Nei primi mesi del 2023 l’export è salito, mentre l’import è sceso con un aumento del surplus commerciale. La debolezza cinese è double face: se è vero che i prezzi cinesi al consumo e alla produzione sono scesi riducendo gli oneri dell’import da Pechino, drenando così parte dell’inflazione occidentale, è altrettanto vero che un calo della domanda cinese avrebbe effetti negativi sulle esportazioni occidentali, accentuando la tendenza al rallentamento globale. La previsione è dunque negativa, con un possibile calo dell’export causato dalla contestuale contrazione della domanda occidentale inibita dall’inflazione, ed aggravato dall’incapacità di equilibrare eccesso produttivo e consumi interni. Insomma, il tanto atteso cavaliere bianco cinese non arriverà a salvare nessuno, anzi, dovrà guardarsi da una più che probabile deflazione.

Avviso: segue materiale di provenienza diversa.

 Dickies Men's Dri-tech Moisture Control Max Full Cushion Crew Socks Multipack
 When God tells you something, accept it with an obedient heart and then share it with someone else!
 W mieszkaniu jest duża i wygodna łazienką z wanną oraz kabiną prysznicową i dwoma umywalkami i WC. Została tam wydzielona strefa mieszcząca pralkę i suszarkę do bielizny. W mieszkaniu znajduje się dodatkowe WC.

L'economia perde slancio rispetto alle aspettative; malgrado la crescita su base congiunturale del PIL, il Dragone è in affanno, la sua debolezza è una mina vagante per l’economia planetaria. Prioritario per Xi evitare di mancare ancora l’obiettivo ufficiale di crescita e cambiare strategia a passo di corsa, anche perché in economia i contagi sono velocissimi e letali. Esiste dunque il rischio di una crisi, congiunturale o strutturale, si vedrà: ci sarebbe bisogno di interventi strutturali di riallocazione delle risorse finora rimandati, un aspetto che fa dubitare della possibilità di sorpassare l’economia yankee.

Se la Cina, demograficamente invecchiata prima di essere diventata ricca, offrirà tassi di interesse più bassi rispetto agli altri concorrenti, in primis gli USA, peggiorando l’indebitamento, si esporrà al rischio di fughe di capitali, un rischio evidenziato dalla debolezza dello yuan rispetto al dollaro, con una perdita di valore dall’inizio dell’anno del 10%.

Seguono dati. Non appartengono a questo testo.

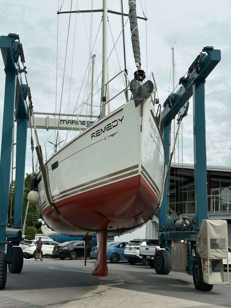 Remedy’s hull received a full strip to gelcoat, barrier coat, and new antifouling system.

Pechino dà l’addio agli investimenti occidentali? Oltre alle incognite economiche e ad una crescita foriera di possibili default che attenterebbero alla politica del consenso, è iniziata anche un’attività repressiva delle società di consulenti5 composte da insider aziendali ed ex commis di stato a cui gli investitori occidentali si rivolgono per comprendere le celesti traiettorie, perché accusate di attività spionistiche, malgrado non più tardi di pochi anni fa siano state elevate all’onore degli altari di mercato dallo stesso Xi. Come passa veloce il tempo quando ci si diverte! Il primo problema ha riguardato illiquidità immediate, in un momento in cui l’imprevedibilità delle decisioni del Timoniere rendono rischioso qualsiasi investimento; il secondo ha visto istituzioni cinesi porsi in connessione paradossale ed asimmetrica con fondi illiquidi del decadente Ovest che però comincia a parlare di decoupling e derisking6. Insomma, alla luce di possibili crisi congiuntural-strutturali, Pechino e Washington somigliano sempre di più ai gatti siamesi di Lilli e il Vagabondo, con il felino cinese capace di nascondere la reale portata dei suoi interventi sui mercati. Tra attività in valuta estera non conteggiate come riserve e prestiti per i quali non accetta haircut ma solo rinegoziazioni, la Cina è finanziariamente ancor meno trasparente di prima.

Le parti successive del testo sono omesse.